Look through the data below and extract, unchanged, the lines from the one that contains "[File] GRGSA-CSA_PAO013.S02.01.F002840 File" to the one that contains "2015年寒假北京誠敬仁將繼", both included.

DATA LISTING:

|---|

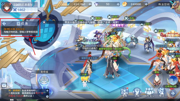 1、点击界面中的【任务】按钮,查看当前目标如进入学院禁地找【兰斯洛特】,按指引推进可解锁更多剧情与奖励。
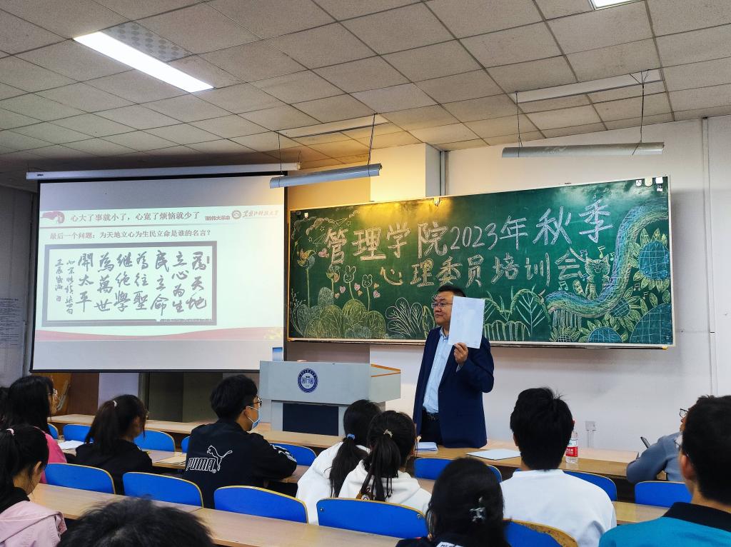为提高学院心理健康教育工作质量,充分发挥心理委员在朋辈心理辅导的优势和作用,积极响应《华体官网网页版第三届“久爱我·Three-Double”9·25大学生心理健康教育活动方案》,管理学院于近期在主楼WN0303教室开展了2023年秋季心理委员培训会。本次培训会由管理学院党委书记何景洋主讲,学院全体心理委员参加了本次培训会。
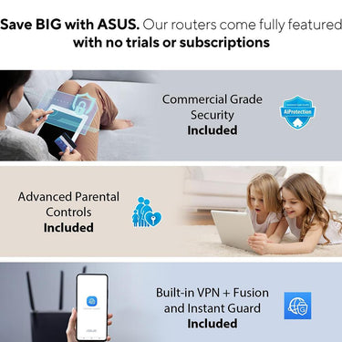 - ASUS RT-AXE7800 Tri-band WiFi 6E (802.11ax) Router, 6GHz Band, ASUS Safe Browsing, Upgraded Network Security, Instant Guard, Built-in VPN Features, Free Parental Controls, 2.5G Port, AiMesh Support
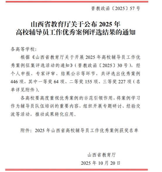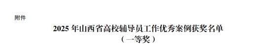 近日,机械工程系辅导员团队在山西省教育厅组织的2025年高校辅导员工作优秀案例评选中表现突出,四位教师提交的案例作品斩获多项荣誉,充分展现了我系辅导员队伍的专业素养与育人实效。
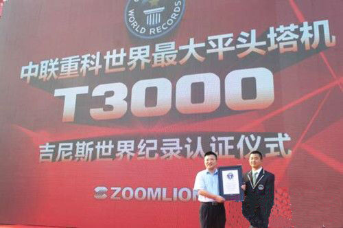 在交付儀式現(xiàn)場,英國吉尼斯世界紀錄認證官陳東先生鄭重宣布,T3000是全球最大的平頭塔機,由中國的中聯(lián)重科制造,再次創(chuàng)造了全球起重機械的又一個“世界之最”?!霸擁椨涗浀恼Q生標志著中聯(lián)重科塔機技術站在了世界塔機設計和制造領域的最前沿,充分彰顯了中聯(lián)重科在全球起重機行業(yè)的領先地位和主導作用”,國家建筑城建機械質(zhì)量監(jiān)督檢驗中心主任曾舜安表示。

|---|

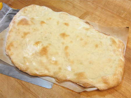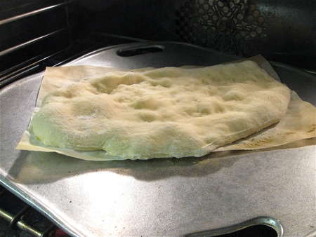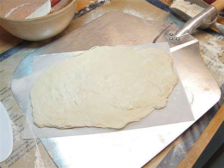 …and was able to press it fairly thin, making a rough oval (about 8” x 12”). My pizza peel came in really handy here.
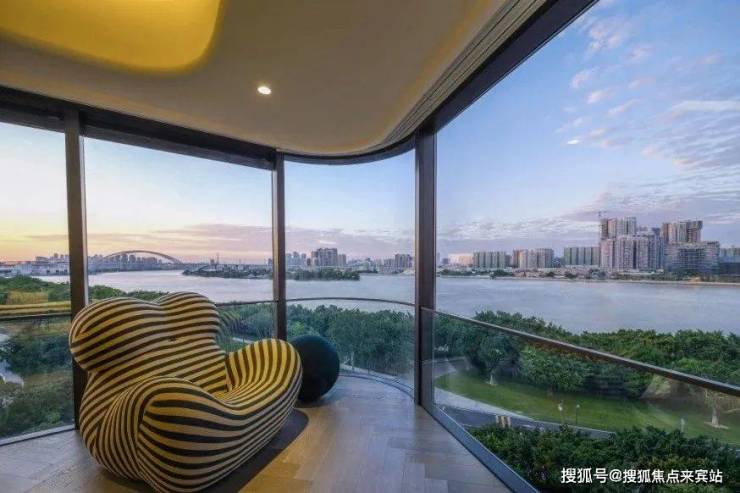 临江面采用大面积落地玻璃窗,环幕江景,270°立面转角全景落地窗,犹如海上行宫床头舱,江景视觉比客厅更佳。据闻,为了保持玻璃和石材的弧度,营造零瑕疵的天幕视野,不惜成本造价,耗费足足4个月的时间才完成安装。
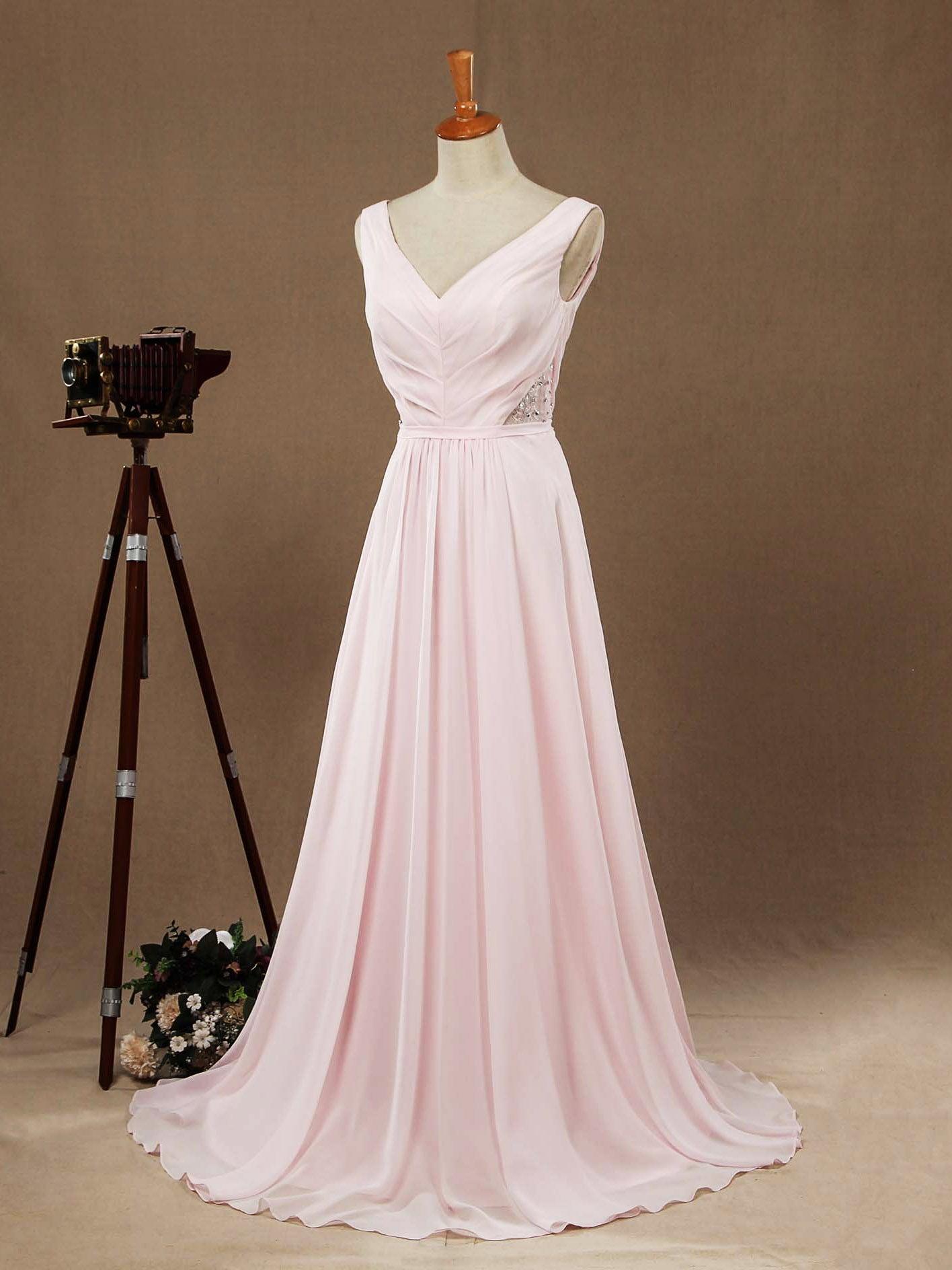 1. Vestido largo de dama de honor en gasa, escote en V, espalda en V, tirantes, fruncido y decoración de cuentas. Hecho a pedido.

|---|

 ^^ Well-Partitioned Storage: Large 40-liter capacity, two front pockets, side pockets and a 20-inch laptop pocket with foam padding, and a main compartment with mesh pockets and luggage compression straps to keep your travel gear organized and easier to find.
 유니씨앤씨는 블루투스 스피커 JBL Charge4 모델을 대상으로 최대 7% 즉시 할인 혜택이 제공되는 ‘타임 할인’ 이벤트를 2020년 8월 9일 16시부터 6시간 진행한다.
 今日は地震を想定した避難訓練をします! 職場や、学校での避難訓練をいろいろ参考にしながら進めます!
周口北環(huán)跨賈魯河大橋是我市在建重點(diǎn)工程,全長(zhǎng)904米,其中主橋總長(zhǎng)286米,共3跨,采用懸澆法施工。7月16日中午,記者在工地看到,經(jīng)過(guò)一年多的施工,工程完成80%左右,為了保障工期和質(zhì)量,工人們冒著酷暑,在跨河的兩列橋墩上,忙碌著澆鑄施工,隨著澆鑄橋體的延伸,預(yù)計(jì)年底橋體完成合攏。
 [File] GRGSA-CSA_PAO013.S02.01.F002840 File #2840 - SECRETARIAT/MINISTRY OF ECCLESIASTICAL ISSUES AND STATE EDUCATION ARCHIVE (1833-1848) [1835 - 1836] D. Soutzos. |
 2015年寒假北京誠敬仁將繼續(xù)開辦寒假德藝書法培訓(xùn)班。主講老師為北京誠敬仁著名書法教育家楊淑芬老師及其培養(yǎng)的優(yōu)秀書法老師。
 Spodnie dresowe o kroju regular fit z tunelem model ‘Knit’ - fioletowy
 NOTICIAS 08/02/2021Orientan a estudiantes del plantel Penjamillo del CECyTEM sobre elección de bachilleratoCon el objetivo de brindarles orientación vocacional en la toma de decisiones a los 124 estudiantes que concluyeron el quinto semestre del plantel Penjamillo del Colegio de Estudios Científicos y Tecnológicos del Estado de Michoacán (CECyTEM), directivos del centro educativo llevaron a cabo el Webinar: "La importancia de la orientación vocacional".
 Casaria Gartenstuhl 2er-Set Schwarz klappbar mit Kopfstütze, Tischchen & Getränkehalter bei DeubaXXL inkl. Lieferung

|---|

EXERCISE RESPONSE:
 [File] GRGSA-CSA_PAO013.S02.01.F002840 File #2840 - SECRETARIAT/MINISTRY OF ECCLESIASTICAL ISSUES AND STATE EDUCATION ARCHIVE (1833-1848) [1835 - 1836] D. Soutzos. |
 2015年寒假北京誠敬仁將繼續(xù)開辦寒假德藝書法培訓(xùn)班。主講老師為北京誠敬仁著名書法教育家楊淑芬老師及其培養(yǎng)的優(yōu)秀書法老師。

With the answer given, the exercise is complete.